▸ The problem: Return the lines of the listing below exactly as they appear, beginning at the one with "Naklejka premium A" and stopping after the one with "TGLASS4 | Truper"; do not include pictures.

▸ Provided data:
────────────────────
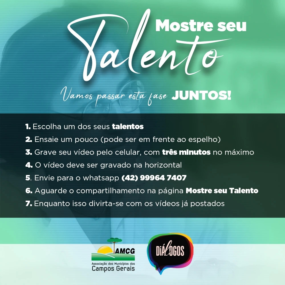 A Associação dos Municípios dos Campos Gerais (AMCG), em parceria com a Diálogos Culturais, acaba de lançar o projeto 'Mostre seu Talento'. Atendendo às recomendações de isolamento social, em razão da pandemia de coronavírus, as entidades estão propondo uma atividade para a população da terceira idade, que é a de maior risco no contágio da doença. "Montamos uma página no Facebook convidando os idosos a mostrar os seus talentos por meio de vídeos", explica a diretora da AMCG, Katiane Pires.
────────────────────
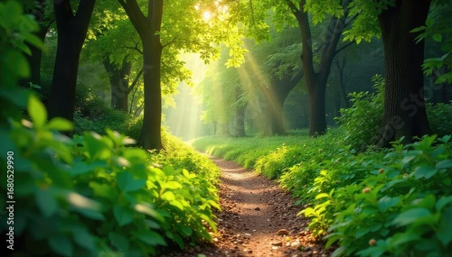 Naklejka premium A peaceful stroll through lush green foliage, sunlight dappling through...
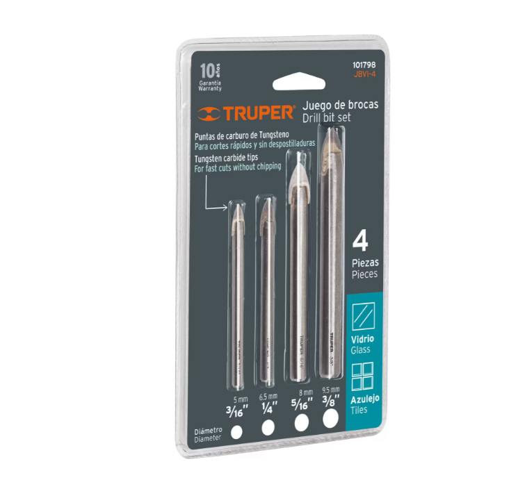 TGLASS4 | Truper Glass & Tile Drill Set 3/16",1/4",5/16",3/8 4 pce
────────────────────
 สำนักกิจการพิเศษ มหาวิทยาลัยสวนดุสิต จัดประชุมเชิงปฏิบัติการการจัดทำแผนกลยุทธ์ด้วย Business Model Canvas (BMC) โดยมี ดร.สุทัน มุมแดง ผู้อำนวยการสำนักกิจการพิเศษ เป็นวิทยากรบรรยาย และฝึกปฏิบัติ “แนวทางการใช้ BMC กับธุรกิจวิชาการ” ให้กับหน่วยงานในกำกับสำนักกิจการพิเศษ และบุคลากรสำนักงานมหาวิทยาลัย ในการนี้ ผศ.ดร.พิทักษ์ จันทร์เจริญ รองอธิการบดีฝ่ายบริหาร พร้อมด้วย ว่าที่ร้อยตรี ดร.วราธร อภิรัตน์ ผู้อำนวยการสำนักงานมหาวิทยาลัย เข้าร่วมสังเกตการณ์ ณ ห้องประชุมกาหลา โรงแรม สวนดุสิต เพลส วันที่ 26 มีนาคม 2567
────────────────────
▸ Solution:
 Naklejka premium A peaceful stroll through lush green foliage, sunlight dappling through...
 TGLASS4 | Truper Glass & Tile Drill Set 3/16",1/4",5/16",3/8 4 pce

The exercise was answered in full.